Penting Terus Hidupkan Kebijakan Presiden Gus Dur tentang Pemberdayaan Perempuan
Kamis, 30 Desember 2021 | 12:15 WIB
Jakarta, NU Online
Menyambut Haul Gus Dur, Jaringan Gusdurian mengadakan kegiatan festival bulan Gus Dur sepanjang Desember-Januari. Kegiatan ini menghadirkan beberapa narasumber dari orang-orang terdekat Gus Dur dan penulis buku-buku Gus Dur. Salah satunya, Ashilly Achidsti penulis buku Gender Gus Dur: Tonggak Kebijakan Kesetaraan Gender Era Presiden Abdurrahman Wahid.

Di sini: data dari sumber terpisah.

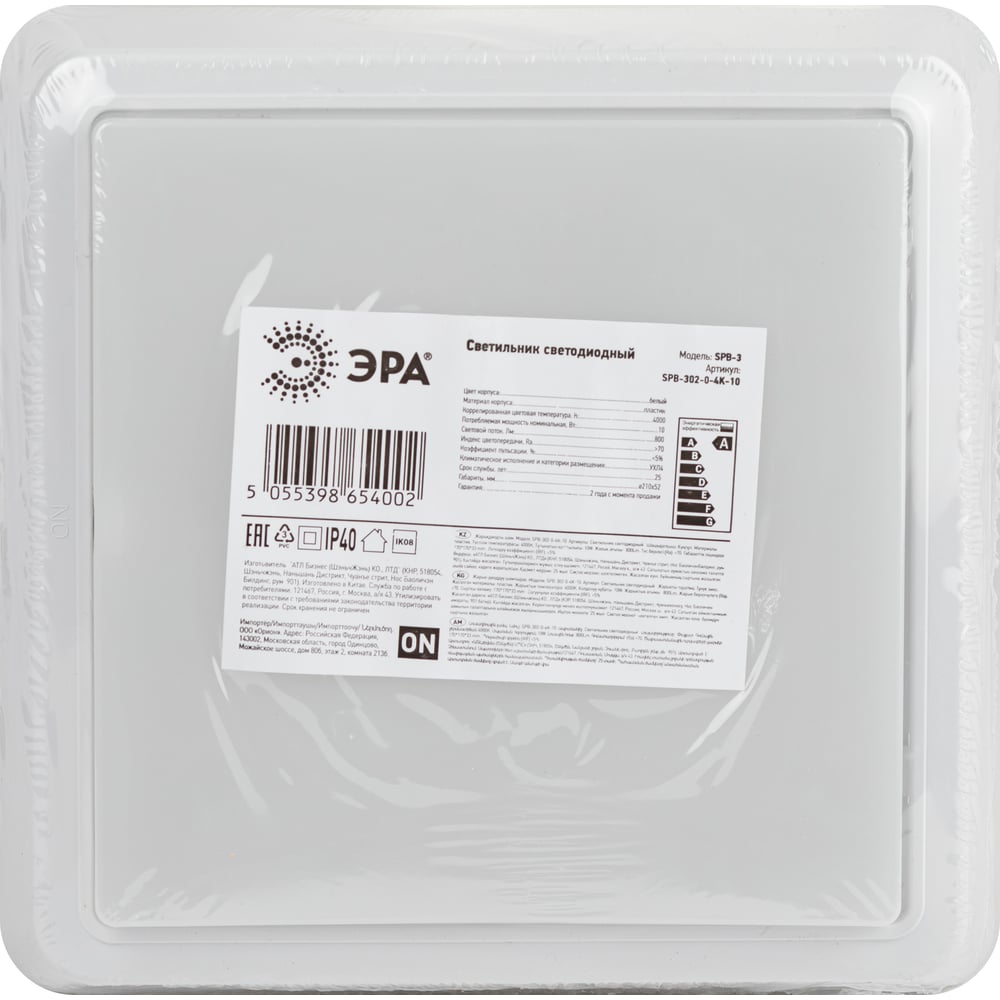 | Материал плафона | пластик |

Acara bertajuk 30 Menit bareng Mbak Hilly yang tayang melalui kanal Gusdurian TV, Senin (27/12/2021) lalu membahas sejumlah kebijakan Gus Dur tentang kesetaraan gender selama menjabat Presiden ke-4 RI dan Ketua Umum Pengurus Besar Nahdlatul Ulama (PBNU).
Hilly, sapaan akrabnya, mengungkapkan pada masa orde baru perempuan hanya dipandang sebagai objek kebijakan namun di masa Gus Dur perempuan dipandang sebagai subjek kebijakan.

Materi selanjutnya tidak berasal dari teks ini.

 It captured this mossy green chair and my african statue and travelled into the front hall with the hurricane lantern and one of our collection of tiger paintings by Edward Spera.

Contohnya, kebijakan Kementerian Urusan Wanita yang saat itu hanya fokus mengedepankan peran reproduksi perempuan.
“Kementerian Urusan Wanita pada saat itu fokusnya mendorong program keluarga berencana (KB) untuk perempuan dan ASI enam bulan, tetapi tidak mengedepankan peran-peran perempuan di ranah publik terutama peran sebagai pengambil kebijakan,” ujar Hilly.
Namun saat Gus Dur menjadi presiden, lanjutnya, perempuan justru didorong untuk terlibat dalam proses formulasi kebijakan, pembuatan rancangan, implementasi hingga evaluasi. Salah satunya dengan menyetujui usulan dari Khofifah Indar Parawansa terkait perubahan nama Kementerian Urusan Perempuan menjadi Kementerian Pemberdayaan Perempuan.
“Karena nomenklatur perubahan kementerian menjadi hak dan kewenangan presiden maka Gus Dur saat itu setuju diubah karena hal itu dianggap tidak bertolak belakang dengan gerakan internasional dan diharapkan lebih mengaktifkan perempuan di ranah publik,” ujar Peneliti Pusat Pengembangan Kapasitas dan Kerjasama (PPKK) Fisipol UGM itu.
Kebijakan ini diperkuat dengan hasil keputusan Munas Alim Ulama di Lombok. “Perjuangan terhadap perempuan juga terlihat ketika Gus Dur menjadi Ketua PBNU di mana Musyawarah Nasional (Munas) Alim Ulama NU di Lombok menghasilkan keputusan bahwa peran perempuan bukan hanya di ranah domestik saja tetapi bisa di ranah publik,” papar Hilly.
Pada kesempatan itu, Hilly juga menceritakan upaya Gus Dur dalam melakukan diplomasi terhadap buruh migran. Diceritakan, saat itu kelompok perempuan mendapatkan informasi bahwa salah satu buruh migran Indonesia akan dihukum mati kemudian sekelompok perempuan tadi menyampaikan ke Khofifah dan diteruskan kepada Gus Dur.
Mendapat informasi tersebut, Gus Dur dengan kewenangannya sebagai presiden melakukan diplomasi tingkat tinggi kepada Raja Fadh langsung.
“Gus Dur dengan inisiatifnya telepon Raja Fadh dan negosiasi akhirnya menemukan jalan keluar yakni menunggu ahli waris dari majikan beranjak dewasa. Di sini Gus Dur menghadirkan diplomasi yang tidak kaku,” tuturnya.
Hilly berharap kepada pemimpin negara maupun pengambil kebijakan saat ini bisa meneladani Gus Dur dalam membuat kebijakan yang dapat melindungi perempuan maupun laki-laki dalam rangka kesetaraan gender apalagi melihat kekerasan seksual hari ini yang belum ada payung hukumnya.
“Kita bisa menanyakan komitmen pemimpin negara dan pengambil kebijakan yang itu seharusnya seberani Gus Dur meskipun pada waktu itu Gus Dur bentuknya hanya melalui inpres bukan Undang-undang,” tandas Hilly.